MILFORD, Conn. (CBSNewYork) – Residents of two Connecticut towns woke to find something surprising in their driveways on Monday.

One-page handouts from the United Klans of America were left folded in quarters in sandwich-sized bags in driveways in Orange and Milford, WCBS 880’s Paul Murnane reported.

The Connecticut Post reported they were found on Wheelers Farms Road, Herbert Street, and Coram Lane.

The handouts have large text below the UKA logo saying “NEIGHBORHOOD WATCH” with a message below that reads “Sleep well knowing the UKA is awake.”

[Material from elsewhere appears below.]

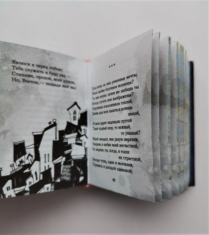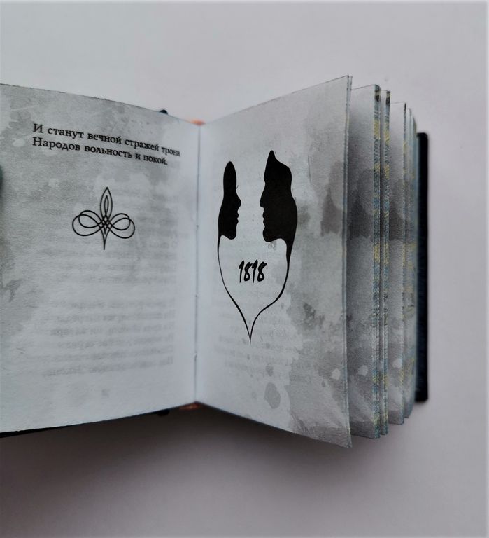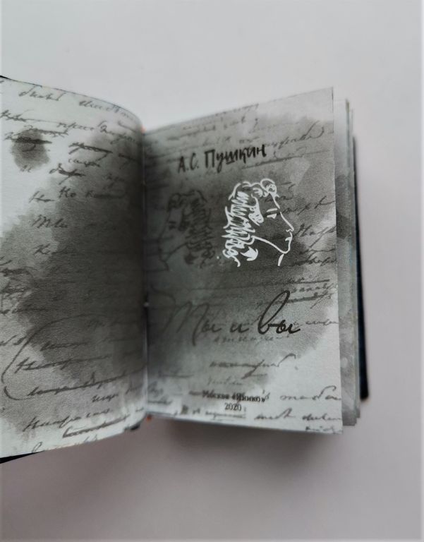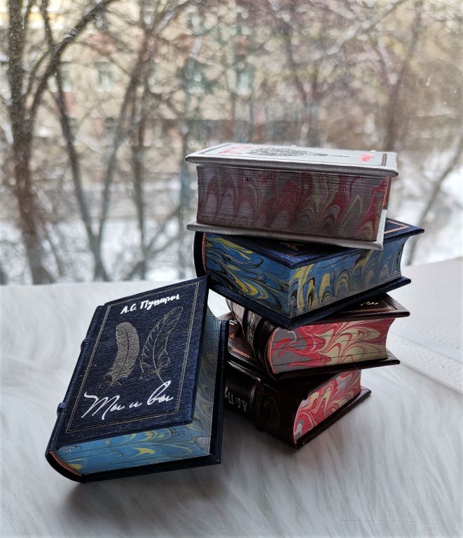 Миниатюрная книга в ручном переплете, мраморный трехсторонний обрез.

“Anytime we hear of any type of activity or people conducting themselves under those symbolic hatred organizations, we have very much concern,” state NAACP president Scot X. Esdaile told the Connecticut Post. “A lot of people have been killed, murdered. A lot of families have been destroyed over the years in the North and in the South.”

The group denied it is a hate organization.

“We don’t condone any sort of violence,” Eric Krieger, “imperial kleeper” of the UKA, told the Post.

But there’s little doubt in the mind of 89-year-old handout recipient Chet Ignatowski of Milford.

“I looked at it and I said ‘What the hell? That piece of junk.’ That’s what I said,” Ignatowski told Murnane.

“My first reaction: No. I don’t think I’d sleep well tonight knowing that they’re out there watching my house and my neighborhood,” Milford resident Paul Costello said.

A police dispatcher in Orange said he was not aware of any complaints there.

At least one recipient seemed surprised the handout that she tossed aside unread like any other piece of junkmail might have a tie to what was once the largest KKK group in the nation.

“Oh my God. That’s terrible. Why they do that? I think all the neighborhood got it,” said the woman, who didn’t want to give her name.

A spokesperson for the Milford Police Department told Murnane that they’re concerned about such a “neighborhood watch” being operated by a hate group.

They’d like to speak with the distributors of the handouts and are considering an e-mail, text message, and reverse 911 blast in connection with the case.